*** Opening of Records for the task ***
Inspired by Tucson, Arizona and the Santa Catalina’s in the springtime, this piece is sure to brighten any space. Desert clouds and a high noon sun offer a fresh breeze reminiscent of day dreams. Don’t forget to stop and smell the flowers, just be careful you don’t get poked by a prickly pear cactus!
*** Close of Records for the task ***
*** Opening of Records for the task ***
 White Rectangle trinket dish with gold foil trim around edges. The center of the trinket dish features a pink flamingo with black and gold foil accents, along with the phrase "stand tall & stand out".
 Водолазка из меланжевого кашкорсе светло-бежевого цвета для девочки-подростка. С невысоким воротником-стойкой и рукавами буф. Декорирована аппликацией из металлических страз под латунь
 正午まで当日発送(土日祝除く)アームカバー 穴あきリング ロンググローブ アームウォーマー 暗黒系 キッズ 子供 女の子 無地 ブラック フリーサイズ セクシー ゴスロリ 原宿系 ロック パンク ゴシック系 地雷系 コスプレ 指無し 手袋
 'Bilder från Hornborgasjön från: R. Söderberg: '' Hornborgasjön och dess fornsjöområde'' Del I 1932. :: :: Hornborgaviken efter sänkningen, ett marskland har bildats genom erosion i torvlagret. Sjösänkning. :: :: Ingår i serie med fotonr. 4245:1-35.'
*** Close of Records for the task ***
*** Opening of Records for the task ***
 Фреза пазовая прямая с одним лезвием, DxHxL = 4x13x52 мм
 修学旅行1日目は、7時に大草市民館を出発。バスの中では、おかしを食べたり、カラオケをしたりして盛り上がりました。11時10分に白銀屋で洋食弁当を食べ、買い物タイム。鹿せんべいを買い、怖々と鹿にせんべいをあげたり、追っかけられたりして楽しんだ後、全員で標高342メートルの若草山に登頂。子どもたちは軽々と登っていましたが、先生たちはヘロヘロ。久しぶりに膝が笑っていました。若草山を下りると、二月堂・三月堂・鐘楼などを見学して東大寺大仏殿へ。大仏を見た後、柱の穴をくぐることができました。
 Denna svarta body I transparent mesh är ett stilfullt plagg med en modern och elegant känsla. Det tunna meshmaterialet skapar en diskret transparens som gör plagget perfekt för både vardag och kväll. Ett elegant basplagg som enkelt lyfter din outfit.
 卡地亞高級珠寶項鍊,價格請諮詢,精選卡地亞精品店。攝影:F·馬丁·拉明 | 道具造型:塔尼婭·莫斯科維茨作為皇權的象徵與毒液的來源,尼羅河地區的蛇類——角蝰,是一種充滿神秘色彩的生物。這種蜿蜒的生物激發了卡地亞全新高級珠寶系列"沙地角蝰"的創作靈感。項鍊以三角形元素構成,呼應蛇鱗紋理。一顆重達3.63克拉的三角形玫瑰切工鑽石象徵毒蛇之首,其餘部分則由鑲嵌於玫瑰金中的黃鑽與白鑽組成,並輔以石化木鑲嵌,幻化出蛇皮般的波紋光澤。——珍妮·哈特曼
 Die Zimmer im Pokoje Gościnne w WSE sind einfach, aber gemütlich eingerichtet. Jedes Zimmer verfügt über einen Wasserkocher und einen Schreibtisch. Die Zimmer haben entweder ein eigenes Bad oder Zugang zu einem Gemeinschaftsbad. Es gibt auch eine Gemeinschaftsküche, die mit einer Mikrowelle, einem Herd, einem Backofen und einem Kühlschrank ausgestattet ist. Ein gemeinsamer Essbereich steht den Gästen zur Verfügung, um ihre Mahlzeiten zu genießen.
*** Close of Records for the task ***
• **What to work on**: What you return must be an exact retyping of the lines above starting at the line with "Фреза пазовая прямая" and ending at the line with "Denna svarta body", and nothing besides.

• **Your response**:
 Фреза пазовая прямая с одним лезвием, DxHxL = 4x13x52 мм
 修学旅行1日目は、7時に大草市民館を出発。バスの中では、おかしを食べたり、カラオケをしたりして盛り上がりました。11時10分に白銀屋で洋食弁当を食べ、買い物タイム。鹿せんべいを買い、怖々と鹿にせんべいをあげたり、追っかけられたりして楽しんだ後、全員で標高342メートルの若草山に登頂。子どもたちは軽々と登っていましたが、先生たちはヘロヘロ。久しぶりに膝が笑っていました。若草山を下りると、二月堂・三月堂・鐘楼などを見学して東大寺大仏殿へ。大仏を見た後、柱の穴をくぐることができました。
 Denna svarta body I transparent mesh är ett stilfullt plagg med en modern och elegant känsla. Det tunna meshmaterialet skapar en diskret transparens som gör plagget perfekt för både vardag och kväll. Ett elegant basplagg som enkelt lyfter din outfit.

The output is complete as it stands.